I have been experiencing resets or SPI failures or just otherwise strange behavior that I would attribute to memory issues.
Unfortunately, I'm unsure exactly what part of my program is doing this. Due to the nature of the issue, randomly adding/subtracting code will change the results I see regardless of how inert that code is. It makes it difficult to debug this.
I don't believe the issue has to do with a stack overflow because I am using an Arduino Mega and my test program uses 5%/7% storage. Rather, I think these issues are just invalid memory writes/reads that cause undefined things to happen.
I've narrowed it down to a chunk of code that looks to be doing nothing of use since it's just an agglomeration of potential problem bits. If anyone can help narrow this down further within that piece, it would be useful.
Attached is a sample program which uses the ILI9341 and XPT touchscreen on a mega. It's a lot of boilerplate mostly, down at the bottom is the function doSomethingObscure which seems to cause the problem though (when doSomethingObscure() is called, the board resets currently).
Any thoughts on what could be the problem in doSomethingObscure()?
You will get answers faster if you post your code in accordance with the forum guidelines in the "how to use this forum-please" read stickies.
I would put some prints in to keep an eye on array indexes. The reported issue is often a symptom of writing past the end of an array into memory that you do not "own".
Another technique that sometimes works for problems like this is to binary chop the suspect function using comments or #if 0..endif to isolate the problem.
This doesn't always work because of compiler optimisation, but it is reasonably quick to try.
groundFungus:
You will get answers faster if you post your code in accordance with the forum guidelines in the "how to use this forum-please" read stickies.
I would put some prints in to keep an eye on array indexes.

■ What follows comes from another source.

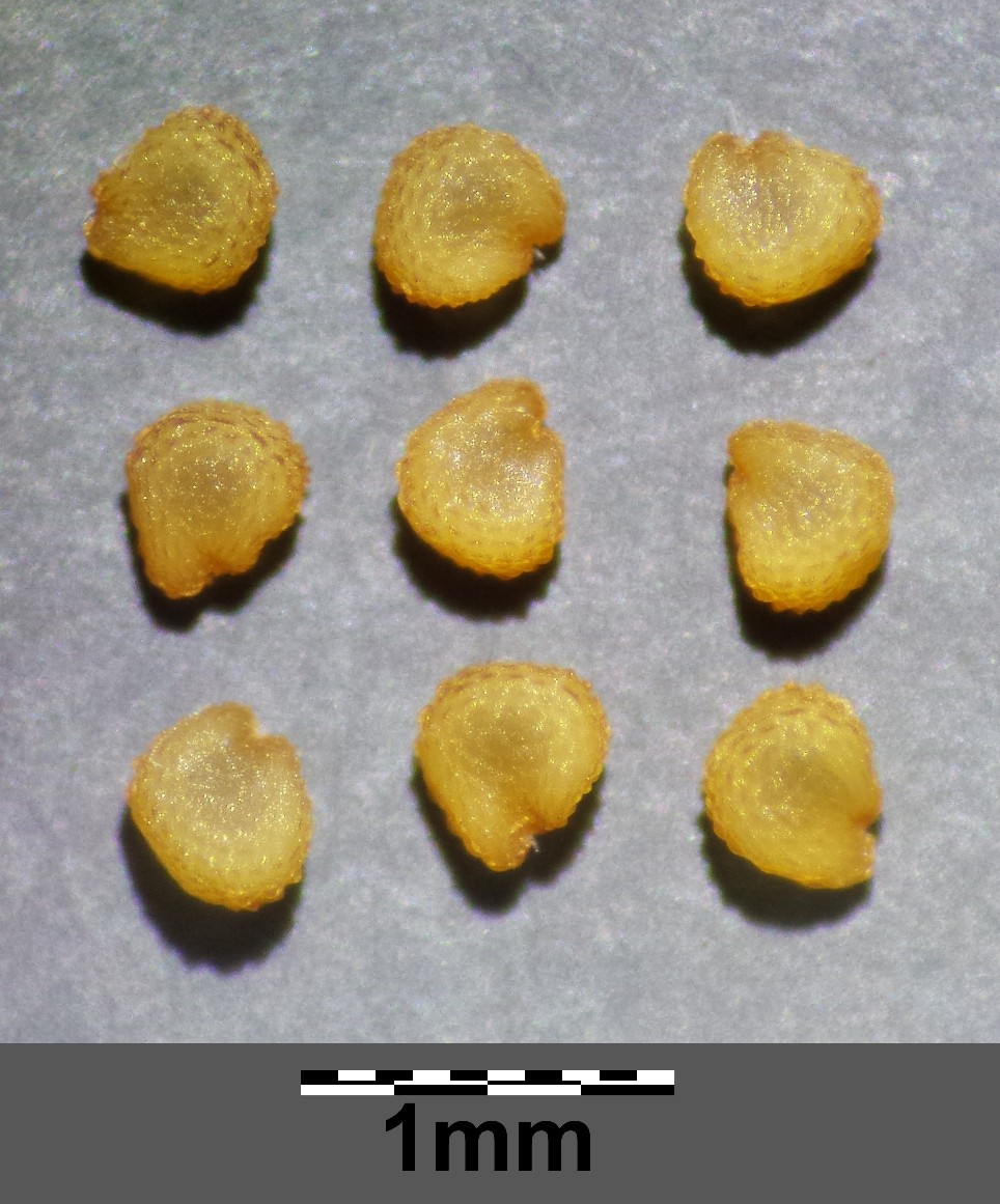Samen eiförmig, 0,45 - 0,55 mm lang, bräunlich, mit stumpfen Warzen

The reported issue is often a symptom of writing past the end of an array into memory that you do not "own".
Unfortunately the code was too large to inline.
TolpuddleSartre:
Another technique that sometimes works for problems like this is to binary chop the suspect function using comments or #if 0..endif to isolate the problem.

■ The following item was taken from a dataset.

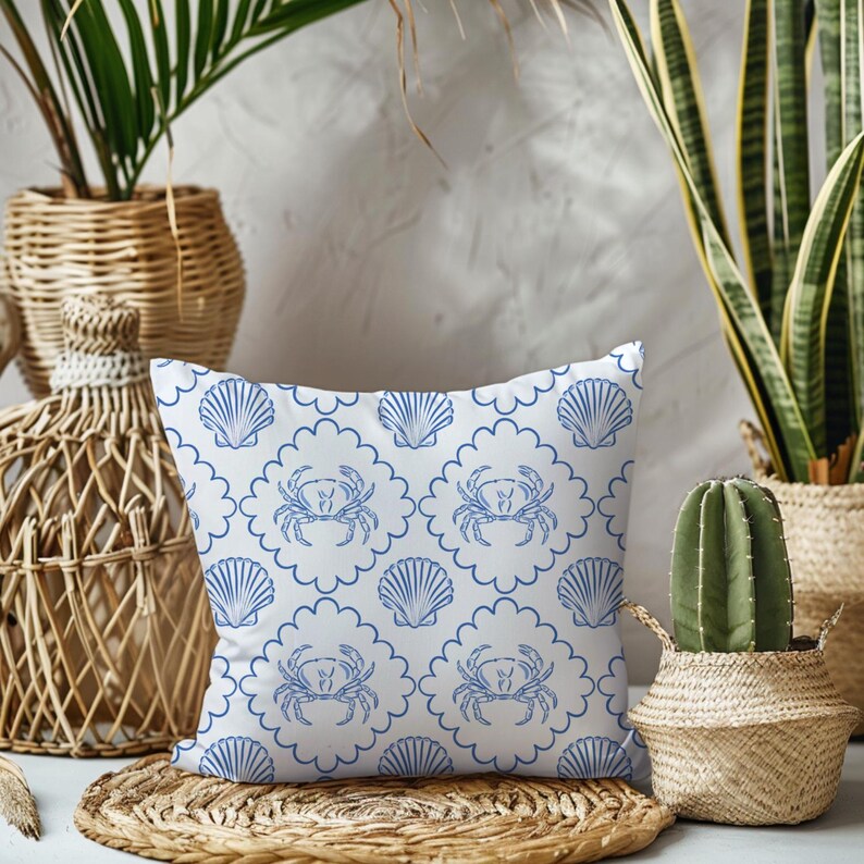 Blue Crab and Seashell Line Art Pattern - Hand Drawn PNG File - Summer ...

This doesn't always work because of compiler optimisation, but it is reasonably quick to try.
I've found with this issue that changing around the structure of the code (and therefore what memory ends up looking like) affects the undefined behavior, sometimes causing everything to work, even. So inconsistent results when adding/removing segments of code made this hard to pinpoint.
westfw:
That looks pretty suspicious. I don't see any encodingNames that have a length even close to 13.

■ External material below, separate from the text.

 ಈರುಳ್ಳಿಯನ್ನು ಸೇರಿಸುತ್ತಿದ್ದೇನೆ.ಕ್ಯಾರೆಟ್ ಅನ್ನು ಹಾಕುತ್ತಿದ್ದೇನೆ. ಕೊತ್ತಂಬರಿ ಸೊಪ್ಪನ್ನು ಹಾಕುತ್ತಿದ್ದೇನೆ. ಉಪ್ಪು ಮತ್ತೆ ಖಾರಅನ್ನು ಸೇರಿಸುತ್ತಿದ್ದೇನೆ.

(it's also really hard to read. Consider using some intermediate variables to make the logic more visible.)
PaulMurrayCbr:
paddedStr has a size of 9, but your calls to padLeftWithChar pad out to 13. Make paddedStr bigger - at least 14.
Good catch, that looks like it was the fix! Applying it back to my entire codebase, I seem to still be having SPI failures, so there's probably another issue somewhere else. Maybe I'll try to capture the problem in a sample again - I'll post another similar file if I end up getting stuck with another needle-in-a-haystack problem.
The solution to "needle in a haystack" problems is to make the needles bigger, and the haystacks smaller.
That way, you'll find the problems earlier during testing.
To mangle a metaphor, they'll stand out like a sore needle.